Primary Outcome Measures
Plasma Cannabinoid Concentrations
The first primary outcome measure was blood cannabinoid concentration. This was determined by collecting blood from each participant. This plasma sample was then separated from red blood cells for 10 minutes, transferred to a fresh microcentrifuge tube for phytocannabinoid analysis and a separate microcentrifuge tube for endocannabinoid analysis. Researchers quantified the concentration of THC and CBD, in addition to tetrahydrocannabivarin (THCV), cannabinol (CBN), cannabigerol (CBG), and cannabichromene (CBC).
Subjective high and mood effects
Several measures were used to determine the subjective high and mood effects of cannabis. Three items assessed cannabis high: “feel high” (10-point Likert-type scale); “mentally stoned” (5-point Likert-type scale); and “physically stoned” (5-point Likert-type scale). These items were averaged to create a composite subjective high score.

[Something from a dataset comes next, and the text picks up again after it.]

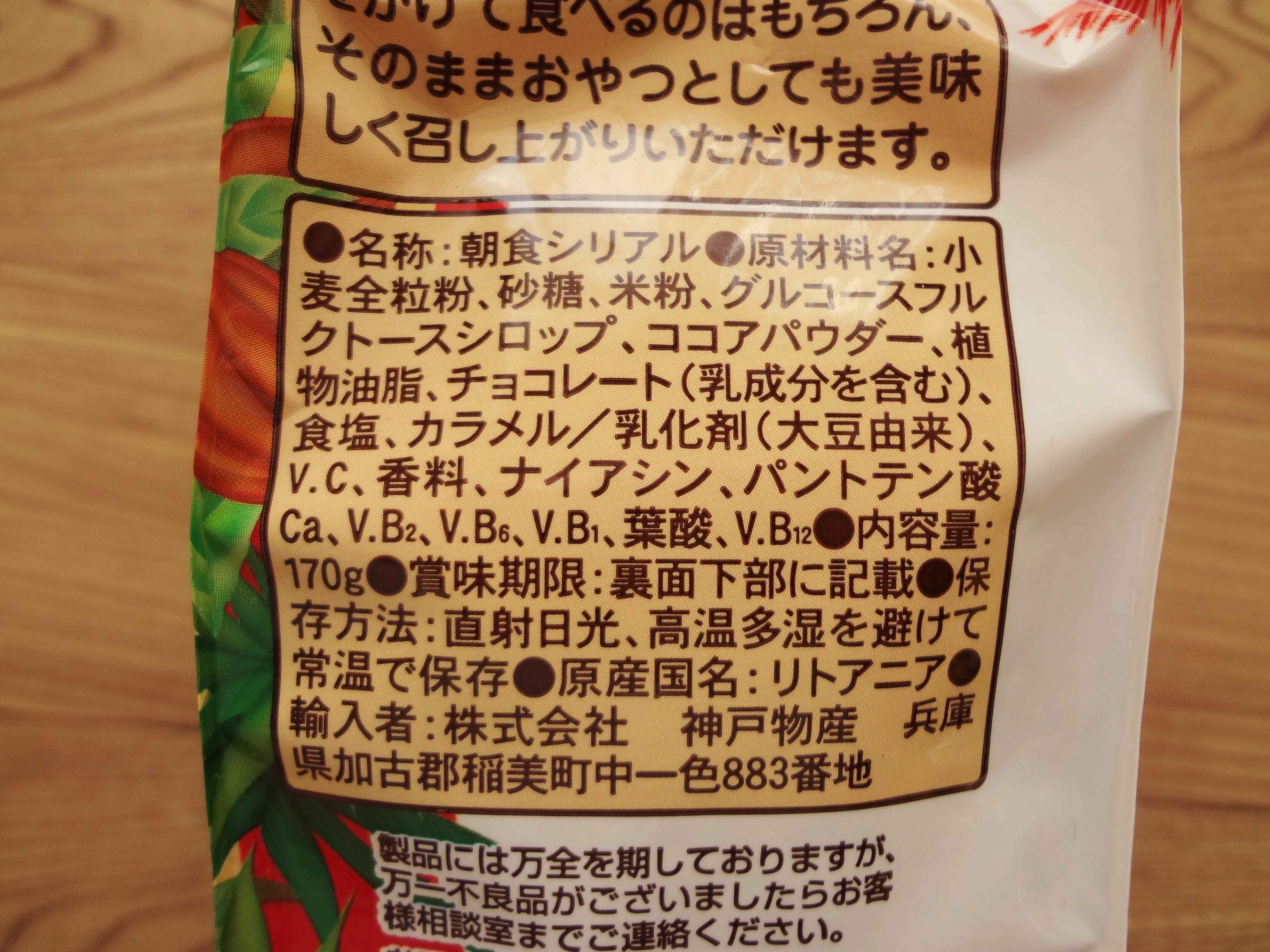 リトアニアからの輸入食品で、赤いパッケージに可愛いイラストが目にとまります。パッケージは日本のシリアルの半分くらいの大きさで、コンパクトになっています。

The researchers also employed a modified version of the Profile of Mood States (POMS) questionnaire: elation and anxiety/tension subscales of the POMS were retained as the two primary outcomes for this study. Paranoia was also measured using the “paranoia” item on the POMS. A single item from the Drug Effects Questionnaire (DEQ) was also used to assess ‘drug liking’ (“Do you like any of the effects you’re feeling?”) on a 5-point Likert-type scale with responses ranging from 1 (not at all) to 5 (extremely).
Results of the Study
As expected, plasma levels of THC were significantly higher among individuals who were using the THC dominant chemovar, significantly lower among those using the THC+CBD chemovar, and lowest among those using the CBD dominant chemovar. The plasma CBD concentration also reflected these findings.
High and Elation
The analyses indicated that the THC dominant and THC + CBD chemovars were associated with almost identical increases in high and elation, despite plasma level analyses that those in the THC + CBD condition had significantly less (approx. 50% less) THC in their plasma. The data also indicated that participants reported ‘liking’ the THC+ CBD chemovar as much as the THC chemovar.

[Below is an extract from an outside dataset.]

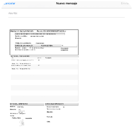 Ahora solo le queda modificar o añadir los datos que crea necesarío y pulsar en el botón "ENVIAR A PRESCRIVET" de forma automática su receta sera enviada a Prescrivet para su registro.

Therefore, as these results suggest that the combination of THC + CBD was no different than THC with respect to positive subjective effects, it is reasonable to assume that individuals using a THC + CBD chemovar would not have a reason to increase their cannabis use to achieve higher levels of THC. These findings are consistent with the results of previous studies which have suggested that CBD does not diminish the effects of THC on positive mood – or may enhance these positive effects.
Paranoia and Anxiety
In contrast to the analyses of positive effects, analyses of negative effects indicated that use of the THC dominant chemovar was associated with increased levels of anxiety and paranoia than that of the THC + CBD and CBD dominant chemovars. Thus, the present analyses suggest that chemovars with greater CBD and less THC are associated with differential effects on paranoia and anxiety among experienced users during ‘ad libitum’ use, which is associated with laboratory studies.
While it is possible that CBD has a direct effect on anxiety and paranoia, it may also be interpreted that differences in anxiety and paranoia might be related to the positive mood and self-titration.
The researchers note that the data collected in this study suggested that CBD may be associated with an overall reduction of THC exposure and may mitigate the negative psychomimetic effects of THC without diminishing the effects of THC that individuals report as beneficial. As policy regarding cannabis legalisation continues to evolve around the world, the risks associated with the use of cannabis have become an increasingly important topic. This study is an important step in identifying cannabinoid ratios that may alter risk for the user, thus highlighting a critical avenue in harm reduction.